= New Directions for Young Adults, Inc. v. Davis =

New Directions for Young Adults, Inc. v. Davis is a 2014 decision of a Florida state circuit court holding that using sock puppet accounts online is tortious interference with business relations, and awarding injunctive relief against it during the pendency of litigation.

==Background==

New Directions for Young Adults, Inc. (NDYA) operates in Florida and California to provide psychotherapy, social skills training, vocational training, academic counseling, and training in financial management and life management skills for young adults with developmental or psychological disorders or disabilities, "who have failed to thrive.". Allegedly, Brian and Kathy Davis published derogatory statements on the Internet concerning NDYA's business and reputation, using various different false names. NDYA sued in Florida state court for defamation and tortious interference by creating a group of negative reviews of NDYA under several false identities. Kathy Davis had admitted in pretrial discovery that she used four separate names in her Internet posts—"Cheyanna, Kayla, Kathy D., and William P." One of her posts, written under the name Kathy D., said, "I agree totally with William P’s review" of NDYA.

==Circuit court ruling==
The circuit court (trial court of general jurisdiction) found that the Davises "created a false impression of a group of negative reviewers about the Plaintiffs when in fact, there is no such group of negative reviewers: only the Defendants." Moreover, the court found that "the act of falsifying multiple identities" is conduct that should be enjoined.
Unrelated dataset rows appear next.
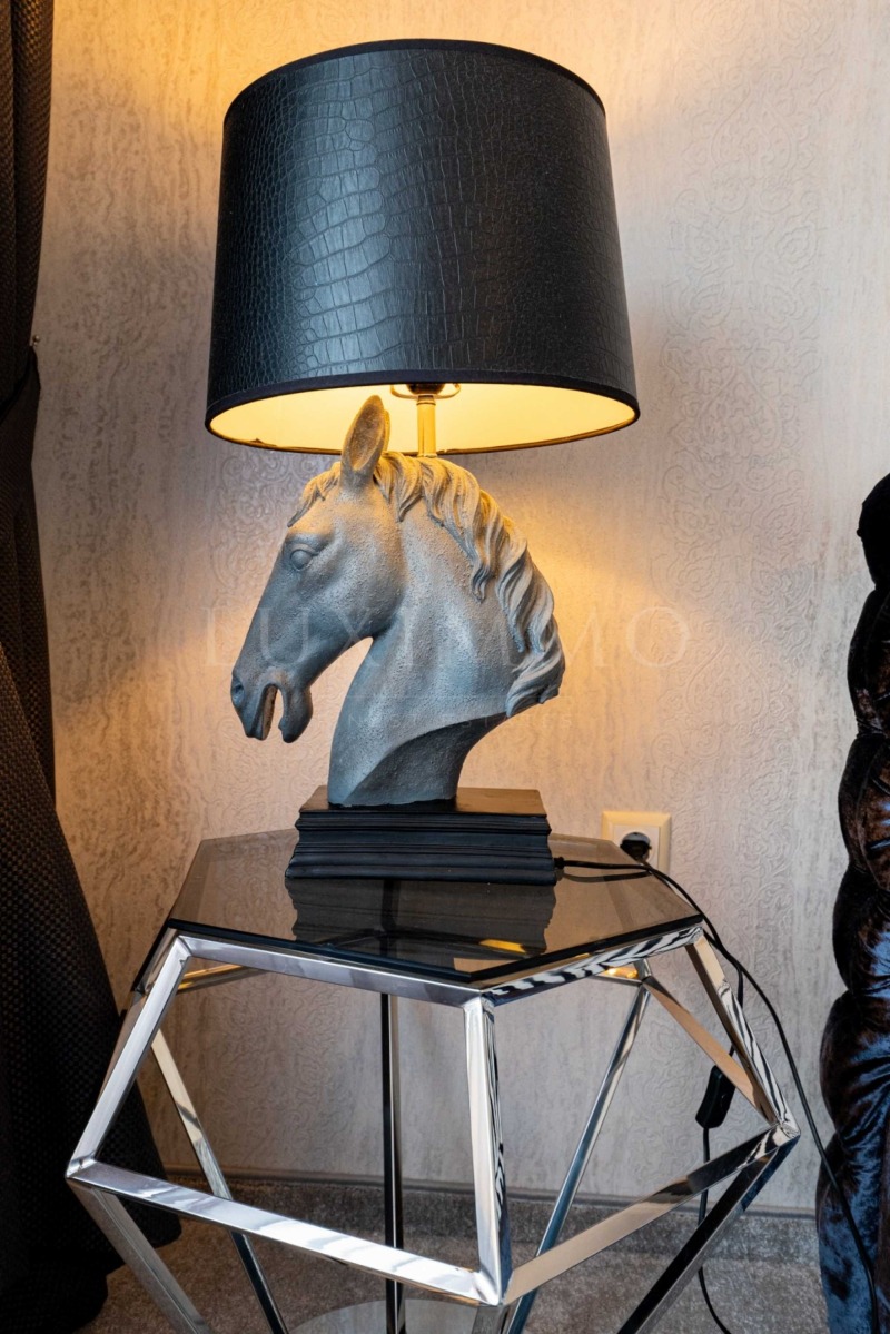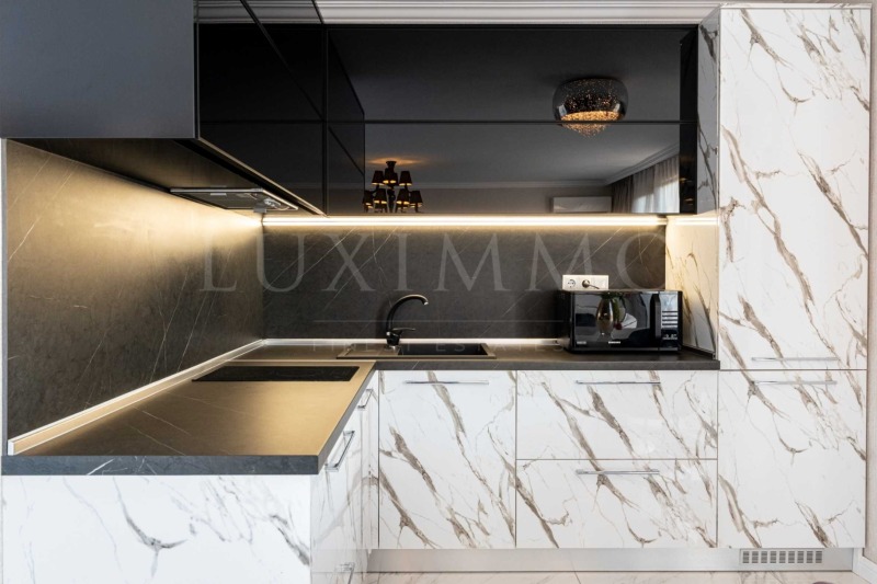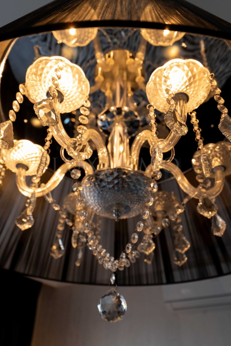Жилището е луксозно обзаведено и мебелирано с всичко необходимо за комфортен живот. Има възможност за преустройство в тристаен апартамент.
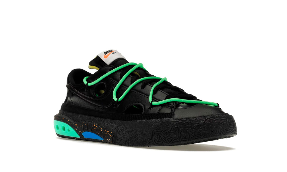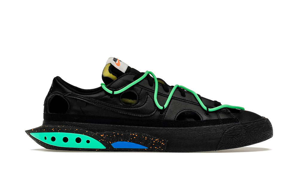 Streetwear label Off-White har fortolket den versatile Blazer Low silhuet til perfektion. Skoene er konstrueret i en sort læder overdel med gennemsigtige plastik huller imens electro green detaljer pryder skoene. Det giver dem et helt særligt pop - og det er med garanti et par der vækker opmærksomhed. De er også dropped i en University Red udgave.
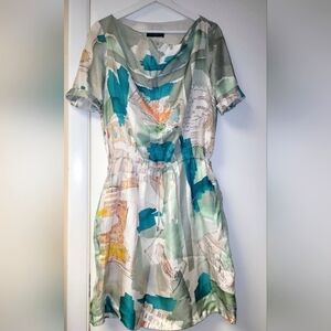 Piazza Sempione Silk Watercolor Italian Monuments Print Drawstring Dress Size S
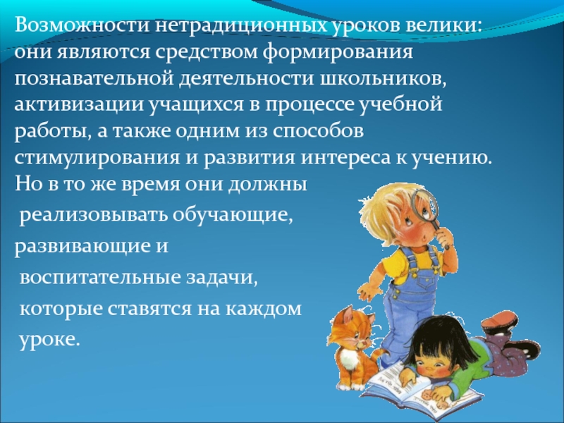 Слайд 5Возможности нетрадиционных уроков велики: они являются средством формирования познавательной деятельности школьников,
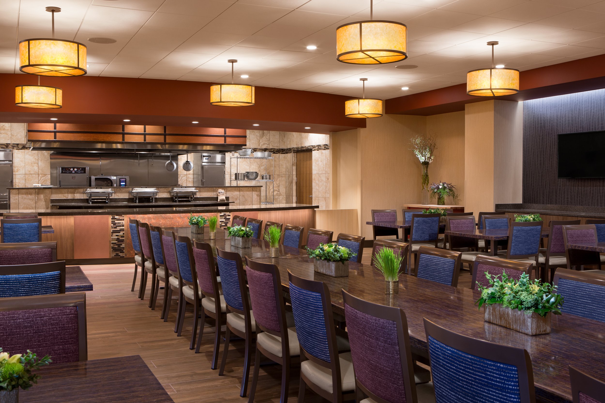 Repeated use of the circle, an important symbol for the community, can be found in room shapes, flooring designs, light fixtures and arrangements, furniture shapes and arrangements, and more.
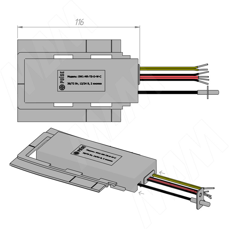 Подготовка к установке монтажной планки сенсорного диммируемого выключателя для зеркала, обогрев, электронные часы, 2 кнопки, 12/24В (артикул SW1-MR-TS-D-W-C)
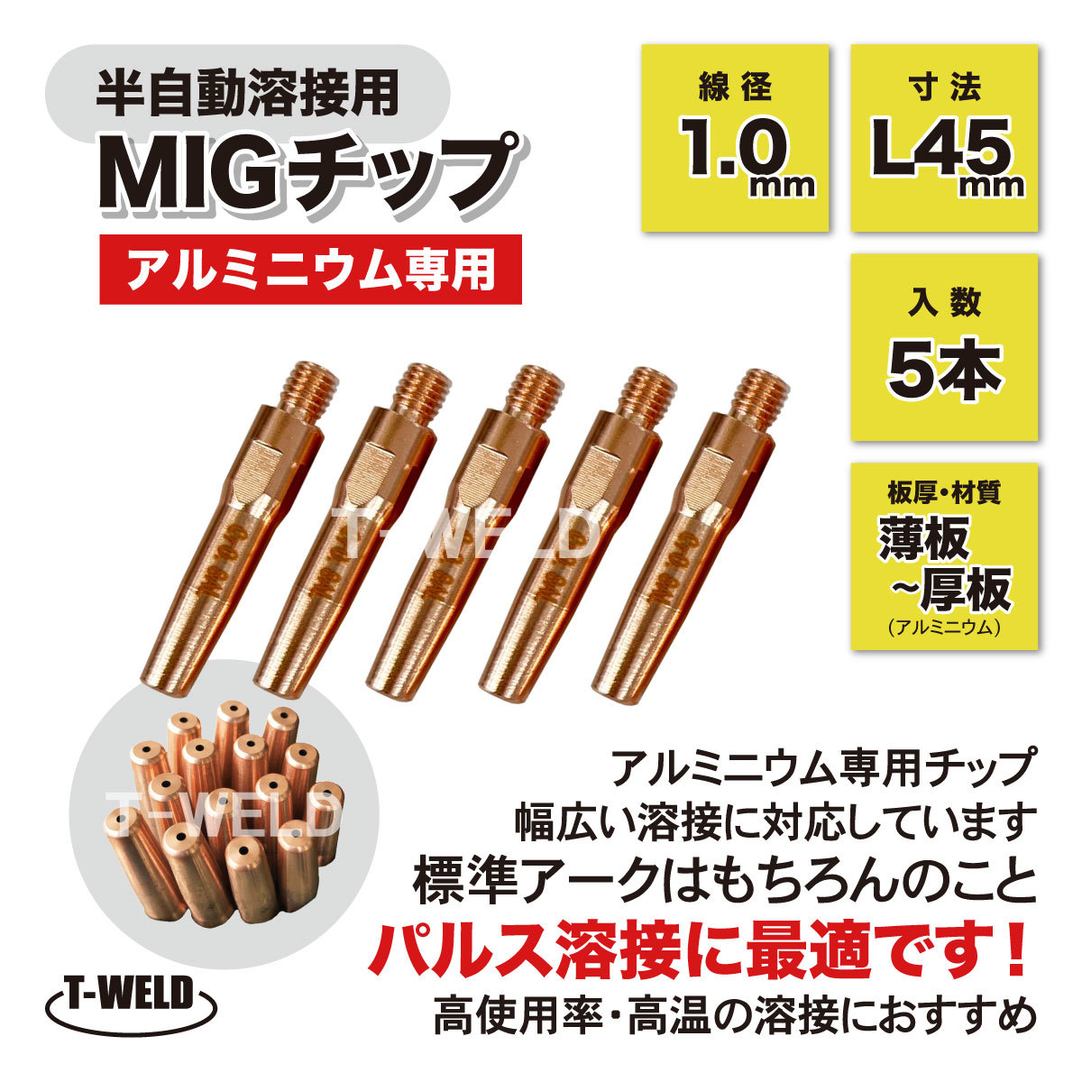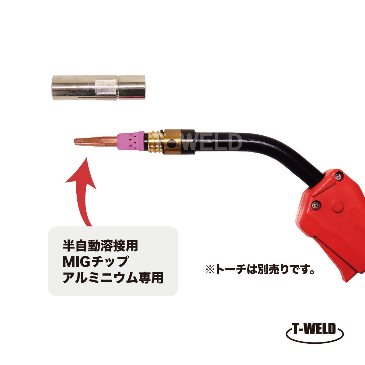 アルミニウム専用チップで、幅広い溶接に対応しています。
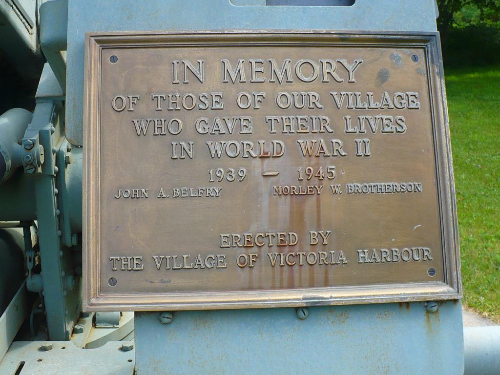 Ce mémorial est dédié aux résidents de Victoria Harbour qui ont servit pour leur pays. Le mur de pierre doté d’une grosse croix blanche fut érigé en 1967 par la filiale no 523 de la Légion royale canadienne. Un canon antiaérien commémoratif avec deux plaques sur lesquelles on retrouve les listes de noms des soldats de Victoria Harbour morts pendant les deux Guerres mondiales, se trouve à proximité.
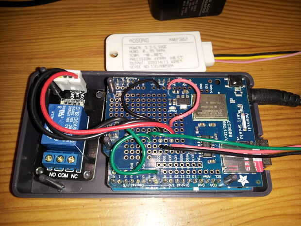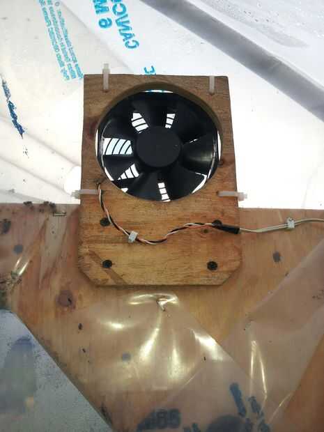 He instalado un ventilador de ordenador de 12V encima de la puerta y había enganchado a un arduino con un sensor de temperatura y humedad y un relé de 5V. Un escudo de wifi envía los datos por lo que puedo controlar las condiciones dentro del invernadero en el trabajo.
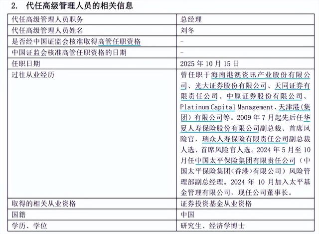 2025年10月16日,太平基金发布高级管理人员变更公告,宣布总经理曹琦、副总经理邓先虎因工作调整于10月15日卸任,两人均不转任公司其他岗位。值得一提的是,太平基金董事长刘冬暂代总经理一职。

It explained that the conduct was wrongful "not because the statements are false or true, but because the conduct of making up names of person who do not exist to post fake comments by fake people to support Defendants' position tortiously interferes with Plaintiffs' business" and such "conduct is inherently unfair." The court therefore ordered the defendants to "remove or cause to be removed all postings creating the false impression that more [than one] person are commenting on the program than actually exist." The court also found, however, that "the comments of Kathy Davis or Brian Davis which do not create a false impression of fake patients or fake employees or fake persons connected to program (those posted under their respective names) are protected by the Constitution of the United States of America, First Amendment."

==Commentary==
One commentator argued that the court was wrong to condemn sock puppetry, as such, by finding "that the act of falsifying multiple identities is the conduct to be enjoined". He insisted that the behavior properly to be proscribed is the tortious interference, not the means to the end. "In other words, the act of creating sock puppets in and of itself cannot be a tortious act and since it is not the tortious act the court can't proscribe it." The court misses the point; "it's not the account creation that caused the defamation, it is the use to which those accounts were put." Accordingly, "the court should not have enjoined the creation of false identities, it should have enjoined the use of those false identities to create a false impression" about NDYA.